● Work order
Beginning with the line that contains "Three - simple", restate each line below through the final one exactly, and exclude the pictures.

● Listed records
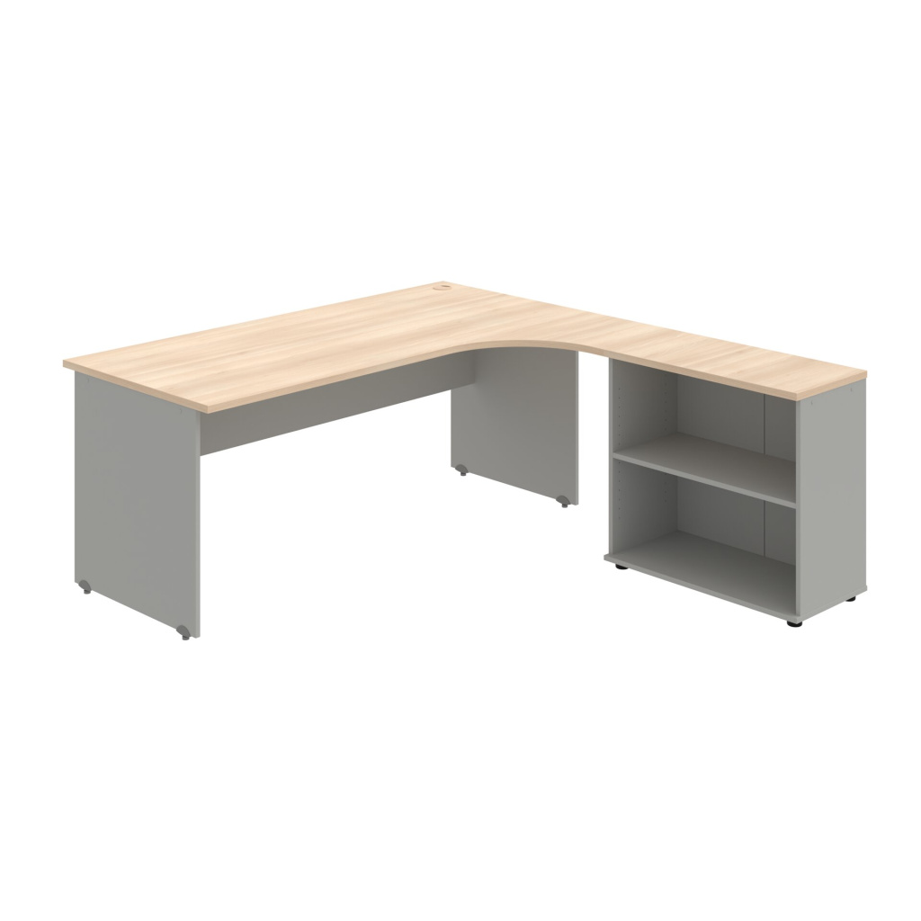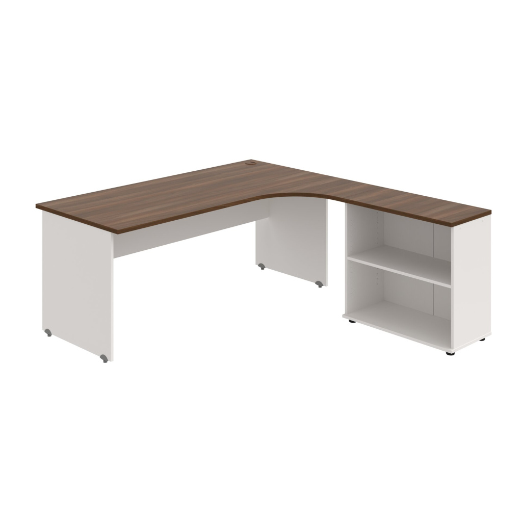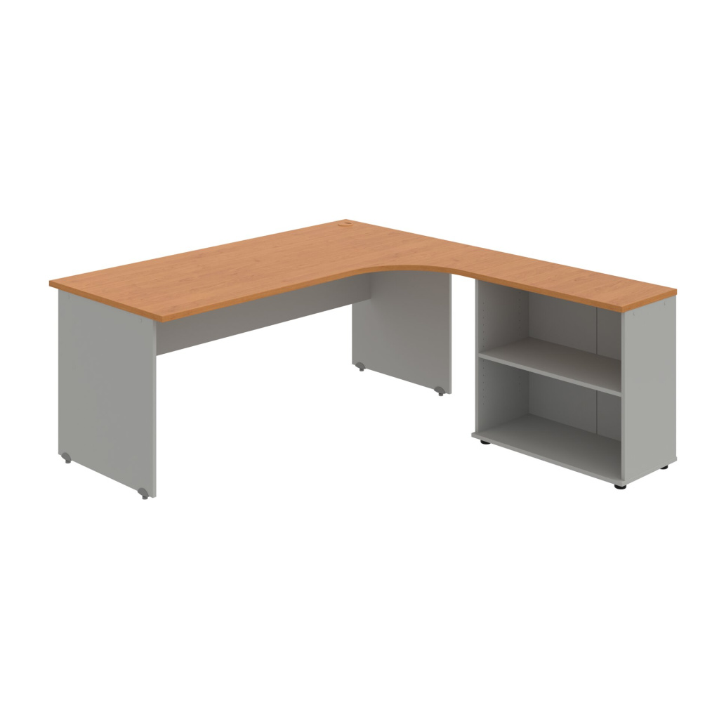 Stůl rohový pravý se skříňkou Hobis Gate GE 1800 60 HR P, šířka 180 cm, výška 75,5 cm, hloubka 200 cm, nohy osazeny rektifikací. 1x kabelová průchodka, příchytky...
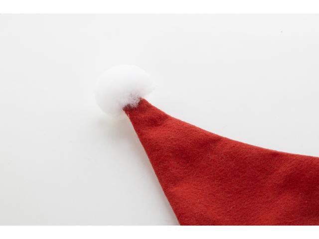 Classic Christmas Santa hat in RPET felt with white trim and pompom.
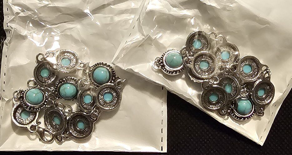 Three - simple dainty bracelets Three - spider keychains Two - "Remember who the ....." bracelets Two - "Don't let the ...." bracelets Two - turquoise bracelets One - green and gold necklace and ring set One - Blue and gold bracelet One - necklace with three crosses One - necklace with three stars One - necklace with bows One - necklace with big star One - multicolor necklace and earring set
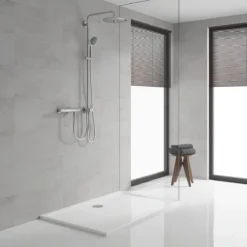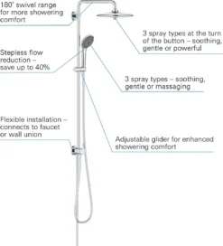 Met het indrukwekkende douchesysteem met omstelling voeg je meteen design en een aangename douchebeleving toe aan een moderne badkamer. Dit systeem is perfect als je snel je badkamer wilt opknappen omdat je je huidige douchekraan kunt gebruiken. Je hebt dit systeem dus in een handomdraai geïnstalleerd. Dit systeem is geproduceerd in Duitsland en uitgerust met de geavanceerde technologie van GROHE. Hiermee ben je dus verzekerd van topprestaties. GROHE EcoJoy beperkt het waterverbruik tot 9,5 l/min maar je bent wel verzekerd van een complete douche-ervaring. De GROHE DreamSpray verdeelt het water gelijkmatig over alle sproeigaatjes.
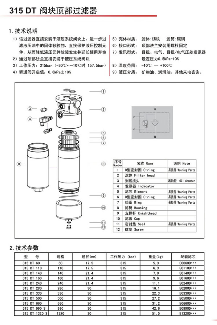 315DT60,315DT110,315DT140,315DT160,315DT240,315DT280,315DT330,315DT500,315DT660,315DT990S,315DT1320S,閥塊頂部過濾器
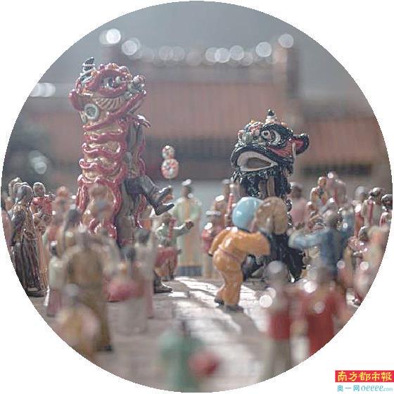 同庆石湾公仔博物馆内,微缩的石湾陶塑作品,再现“行通济”的习俗。

● Answer box
 Three - simple dainty bracelets Three - spider keychains Two - "Remember who the ....." bracelets Two - "Don't let the ...." bracelets Two - turquoise bracelets One - green and gold necklace and ring set One - Blue and gold bracelet One - necklace with three crosses One - necklace with three stars One - necklace with bows One - necklace with big star One - multicolor necklace and earring set
 Met het indrukwekkende douchesysteem met omstelling voeg je meteen design en een aangename douchebeleving toe aan een moderne badkamer. Dit systeem is perfect als je snel je badkamer wilt opknappen omdat je je huidige douchekraan kunt gebruiken. Je hebt dit systeem dus in een handomdraai geïnstalleerd. Dit systeem is geproduceerd in Duitsland en uitgerust met de geavanceerde technologie van GROHE. Hiermee ben je dus verzekerd van topprestaties. GROHE EcoJoy beperkt het waterverbruik tot 9,5 l/min maar je bent wel verzekerd van een complete douche-ervaring. De GROHE DreamSpray verdeelt het water gelijkmatig over alle sproeigaatjes.
 315DT60,315DT110,315DT140,315DT160,315DT240,315DT280,315DT330,315DT500,315DT660,315DT990S,315DT1320S,閥塊頂部過濾器
 同庆石湾公仔博物馆内,微缩的石湾陶塑作品,再现“行通济”的习俗。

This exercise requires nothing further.